Kills On Wheels innanzitutto si presenta benissimo già dai credits iniziali, scritto e diretto da Attila Till (attenzione! Non uno pseudonimo) e nonostante un’etichetta da commedia è una storia di sicari e malavitosi che incrocia quella di due nerd, anch’essi disabili.
L’attacco è già di quelli formidabili, in una specie di galera di disabili come si conviene al genere scatta la rissa. Rissa tra paraplegici che viene sedata dalla guardie per poi trascinare via il colpevole e vittima: Rupaszov. Tutto con la mestizia propria dell’animo slavo e quel senso di violenza delle belle faide albanesi misto alla consueta giovialità ungherese.
A questo punto, come se gli animi non fossero sufficientemente infervorati, ci viene mostrato il nostro Rupaszov fare le trazioni ad una sbarra improvvisata legato alla sedia a rotelle per aumentare il peso. Sorvegliato Speciale meets Nato Il Quattro Luglio. È amore.
Kills On Wheels in 5 minuti ha fatto di tutto per rivedere l’immagine del disabile agli occhi dello spettatore e annunciargli che nonostante quel che vedremo saranno persone con molte difficoltà a condurre una vita come gli altri, non ci saranno concessioni al buonismo ma anzi, vedremo un film perfettamente aderente alle regole del suo genere di appartenenza. Rupaszov farà scempio di altri paraplegici, dei suoi nemici, dei nemici di chi lo paga e dei nerd che gli si appiccicano, perché vedono in lui una possibilità di fica e perché lui vede in loro degli alleati.
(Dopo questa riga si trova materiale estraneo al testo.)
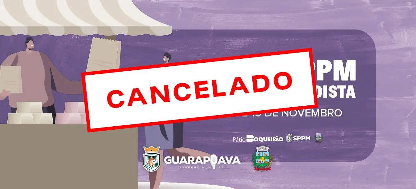 A Prefeitura de Guarapuava, por meio da Secretaria de Políticas Públicas para as Mulheres, informa que a edição especial da Feira Mensal, que seria entre esta sexta (14 de novembro de 2025) e o sábado (15), no Pátio Boqueirão, foi cancelada.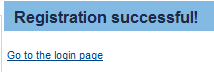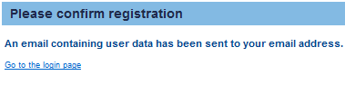 The user receives now an e-mail containing all registration information and a link which must be followed in order to confirm the registration and to activate the user. Once the user clicks the respective link in the e-mail, he is automatically redirected to the following page: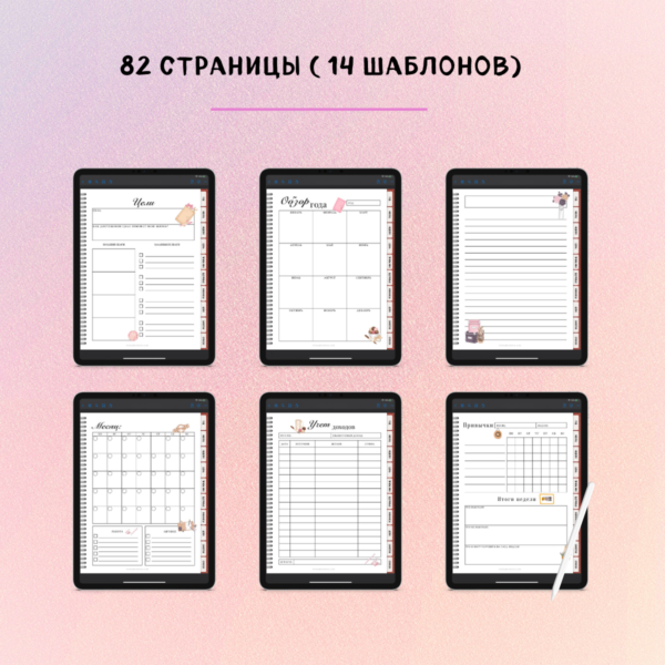 Цифровой недатированный планер для планшетов «Харизма». Красивый недатированный женский ежедневник. Включает в себя все сферы жизни. Начните планировать свою жизнь сегодня! Используйте голову для генерирования идей и креатива, а не для хранения напоминаний.
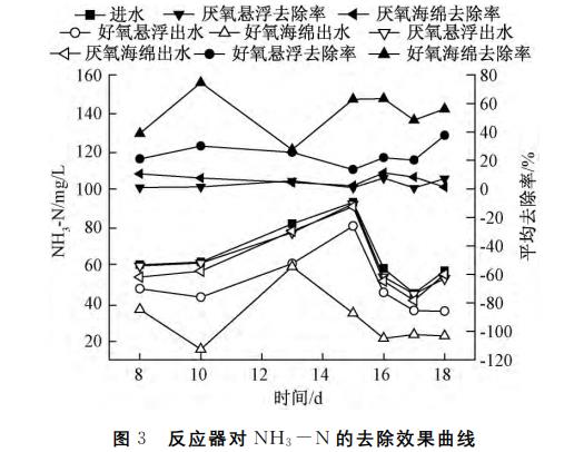 网状海绵填料及圆形悬浮填料两种填料的填充比均为40%,4个反应器COD和NH3-N的去除效果分别如图2、图3所示。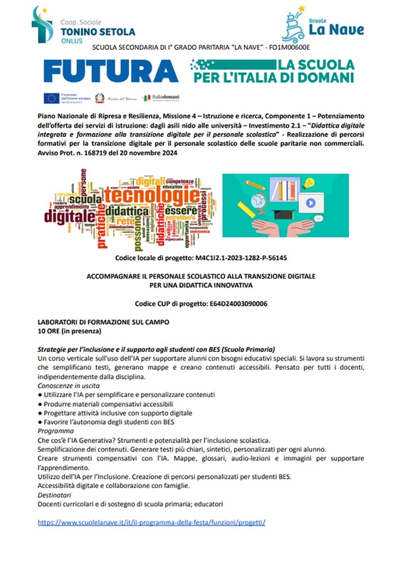 - PNRR "Formazione del personale scolastico" (DM 66/2023)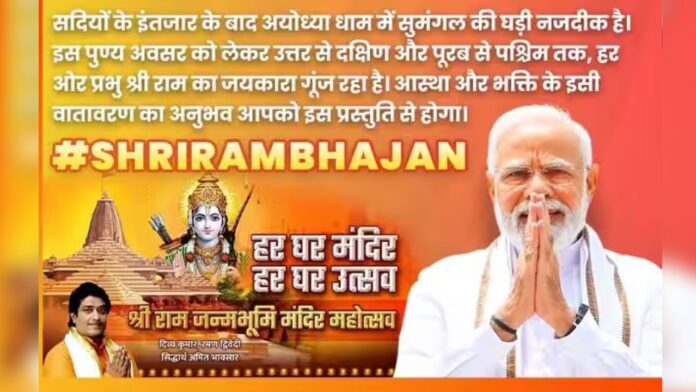 The Prime Minister, Shri Narendra Modi has shared devotional bhajan “Har Ghar Mandir Har Ghar Utsav” sung by Divya Kumar, music composed by Siddharth Amit Bhavsar. Shri Modi said that after centuries of waiting, the moment of auspicious time is near in Ayodhya Dham. On this auspicious occasion, the praise of Lord Ram is echoing everywhere from North to South and from East to West, Shri Modi further added.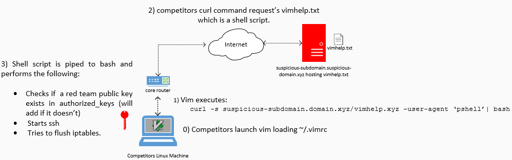 Blue Teams are actively monitoring, triaging and trying to kick the red team out of their machines. Persistence is key to these competitions due to the scrutiny students are putting their machines under. With this comes creativity of deploying non-standard persistence mechanisms, such as modifying the .vimrc configuration file.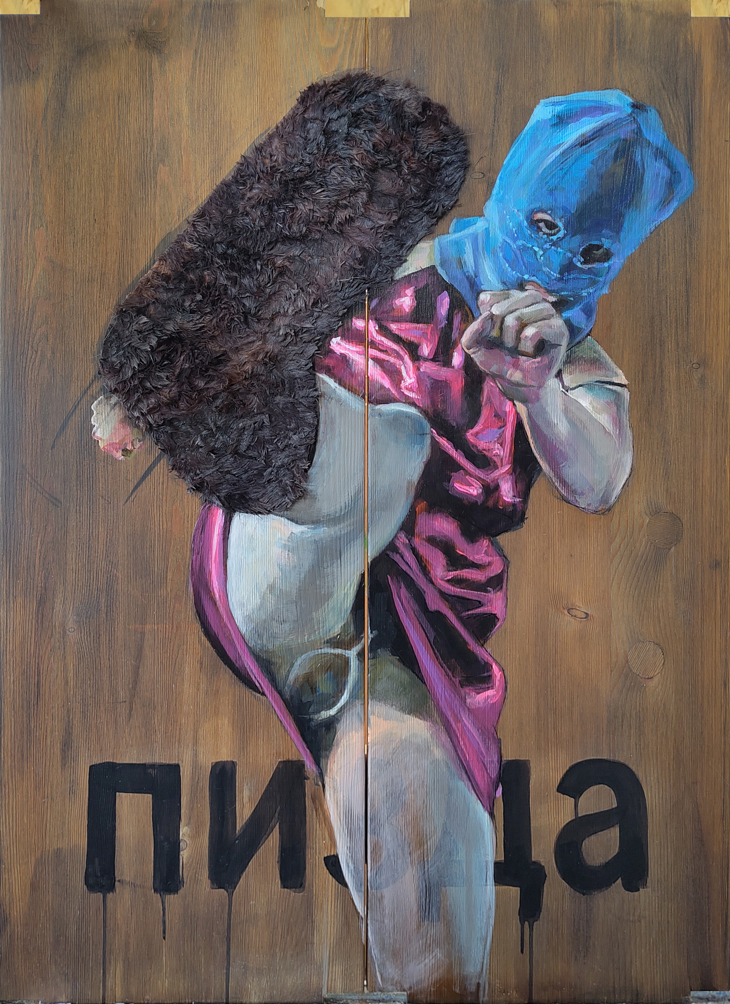 83 x 60 cm, acryl en stof op 2 boekenplanken. Eerbetoon aan alle Pussy Riot-leden. Pussy Riot is een Russische feministische punkrock-protestgroep, opgericht in 2011 in Moskou. De groep staat bekend om hun provocerende optredens tegen de Russische overheid en president Vladimir Poetin. Internationaal bekend werden ze in 2012 door hun 'punkgebed' in een kathedraal, wat leidde tot de arrestatie en veroordeling van drie leden. Ze gebruiken muziek en kunst om sociale en politieke verandering te bevorderen, met aandacht voor feminisme, LGBTQ+-rechten en mensenrechten. Ondanks hun controversiële en vaak gevaarlijke acties blijven ze een belangrijk symbool van verzet tegen autoritarisme.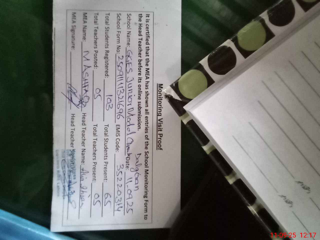 | EMIS Code: 35220314 | Name of School: GGES JUNIOR MODEL CHOWK DALGIRAN (EX-MCL) | |||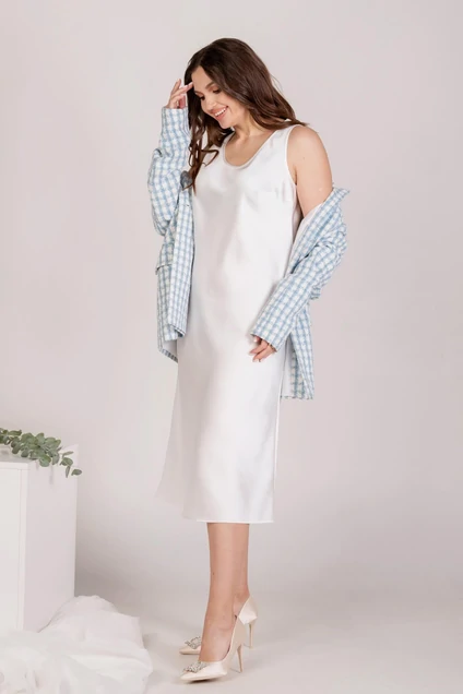 Платье женское бельевого стиля прямого силуэта без рукавов, выполнено из атласной ткани. По переду нагрудные вытачки. Плате без подкладки.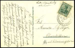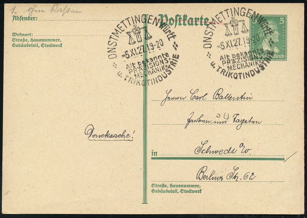 4724 | 16 € | POSTLEITRAUM 7400 (OHNE REUTLINGEN u. TÜBINGEN) : ONSTMETTINGEN Württ/ .PRÄZISIONS-/ MECHANIK/ u.TRIKOTINDUSTRIE 1927 (5.XI.) HWSt ohne Datumsrahmen = Type I (Waage) ab 1927 verwende 2x auf Inl.-Kartet, (Bo.1/Ty.I = Erstjahr.) | ![]() | |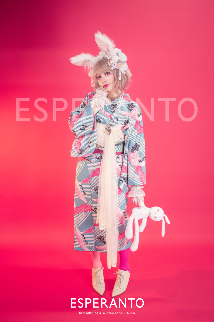 頭にはうさ耳カチューシャ、帽子にもうさ耳が付いており、よく見ると帯の上のリボンにもうさぎのブローチが付いているのにお気づき頂けますでしょうか??

È questo un modo di aiutare l’integrazione dei disabili nella nostra società?
Dunque due nerd disabili incontrano un carcerato disabile, solo che siamo in Ungheria quindi non accadrà che lui imparerà ad apprezzare il mondo dei nerd e dei fumetti (con gli elfi e i giochi di ruolo), semmai lui inizierà i due ad una vita di spaccio e spari alla gente che ti guarda dall’alto verso il basso (cioè tutti), li porterà a prostitute e poi agli omicidi su commissione in piazza alla luce del sole.
Perché alla fine quello che unisce i disabili del film, in poche parole, è che sono incazzati neri.
Rupaszov è incazzato perché è Rupaszov e i nerd fumettari perché vogliono le donne e non le hanno. La prima lezione, quando si incontrano, è: “Non puoi far cadere dalla sedia a rotelle uno più pesante di te” e lo rivolta prendendolo dal cardine delle ruote. Rupaszov gli insegna insomma i trucchi per menarsi dalla sedia a rotelle. A scanso di equivoci, Rupaszov è interpretato da Szabolcs Thuróczy, che non è un vero disabile, mentre gli altri due, abbastanza palesemente, sì.
E qui già abbiamo compreso una regola aurea: i bei film con disabili, in cui qualcuno stringe i denti e con l’amore delle persone vicine vince il proprio handicap, il giudizio della società e le difficoltà della vita, sono sempre peggiori dei bei film di disabili che menano.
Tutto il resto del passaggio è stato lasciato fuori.